Internet Reachability between VRFs

Load nat44.vpn.lab3.init.cfg

#IOS-XE
config replace flash:nat44.vpn.lab3.init.cfg

#IOS-XR
configure
load bootflash:nat44.vpn.lab3.init.cfg
commit replace
y

The R2-R1 link is now in the INET VRF. R8, the CE for VPN_A, has been given 100.8.8.8/32 as a public address it can use to reach the internet. This is already set on R8 as loopback100.

Configure route leaking so that R8 can ping 8.8.8.8 sourced from 100.8.8.8/32.

Answer

#R2
ip route vrf INET 0.0.0.0 0.0.0.0 100.1.2.1
!
router bgp 100
 add ipv4 vrf INET
  redistribute static
  default-information originate
!
!
ip extcommunity-list standard INET_RT permit rt 100:0
ip extcommunity-list standard VPN_A_RT permit rt 100:1
ip prefix-list VPN_A_PUBLICS permit 100.8.8.8/32
!
route-map IMPORT_VPN_PUBLICS permit 10
 match ip address prefix-list VPN_A_PUBLICS
 match extcommunity VPN_A_RT
route-map IMPORT_VPN_PUBLICS permit 1000
 match extcommunity INET_RT
!
vrf definition INET
 address-family ipv4
  route-target import 100:1
  import map IMPORT_VPN_PUBLICS
  
#R5
ip prefix-list DEFAULT_ONLY permit 0.0.0.0/0
ip extcommunity-list standard INET_RT permit rt 100:0
ip extcommunity-list standard VPN_A_RT permit rt 100:1
!
route-map IMPORT_INET_DEFAULT permit 10
 match ip address prefix-list DEFAULT_ONLY
 match extcommunity INET_RT
route-map IMPORT_INET_DEFAULT permit 20
 match extcommunity VPN_A_RT
!
vrf definition VPN_A
 route-target import 100:0
 !
 address-family ipv4
  import map IMPORT_INET_DEFAULT

Explanation

This lab does not use NAT, but instead demonstrates how a customer can use public address space to reach the internet within their L3VPN.

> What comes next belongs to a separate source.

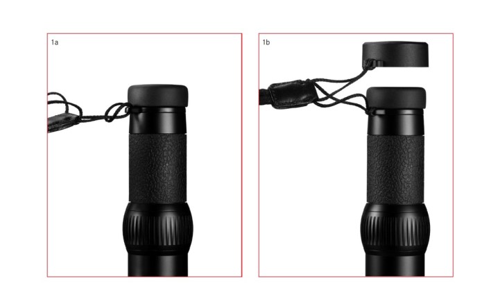Accessories weighing 11g. are included with the Leica 8×20 Monovid on purchase. These are a 7g wrist strap that attaches to both monocular and a 4g plastic protective eyecup cap (there is no cap for the other end of the monocular). The wrist strap has two thin loops at one end. The smaller of these is attached to the eyelet on the monocular, the larger loop is attached to the protective cap. The strap also has a sliding toggle to be tightened against the wrist to stop the monocular sliding off unintentionally. Together with the monocular, these three then total 120g.

First R2 configures and originates a 0/0 into the INET VRF so that other PEs can import this into their customer VRFs.

#R2
ip route vrf INET 0.0.0.0 0.0.0.0 100.1.2.1
!
router bgp 100
 add ipv4 vrf INET
  redistribute static
  default-information originate

Next, R2 imports the public 100.8.8.8/32 route into the INET VRF. To do this, we must use an import map to control which prefixes are imported. We only want to import this one /32 from the VPN_A VRF, and we still need to import all other INET prefixes (with a 100:0 RT).

ip extcommunity-list standard INET_RT permit rt 100:0
ip extcommunity-list standard VPN_A_RT permit rt 100:1
ip prefix-list VPN_A_PUBLICS permit 100.8.8.8/32
!
route-map IMPORT_VPN_PUBLICS permit 10
 match ip address prefix-list VPN_A_PUBLICS
 match extcommunity VPN_A_RT
route-map IMPORT_VPN_PUBLICS permit 1000
 match extcommunity INET_RT
!
vrf definition INET
 address-family ipv4
  route-target import 100:1
  import map IMPORT_VPN_PUBLICS

On R5, we do the opposite. We import only the 0/0 route from the INET VRF into the customer VRF.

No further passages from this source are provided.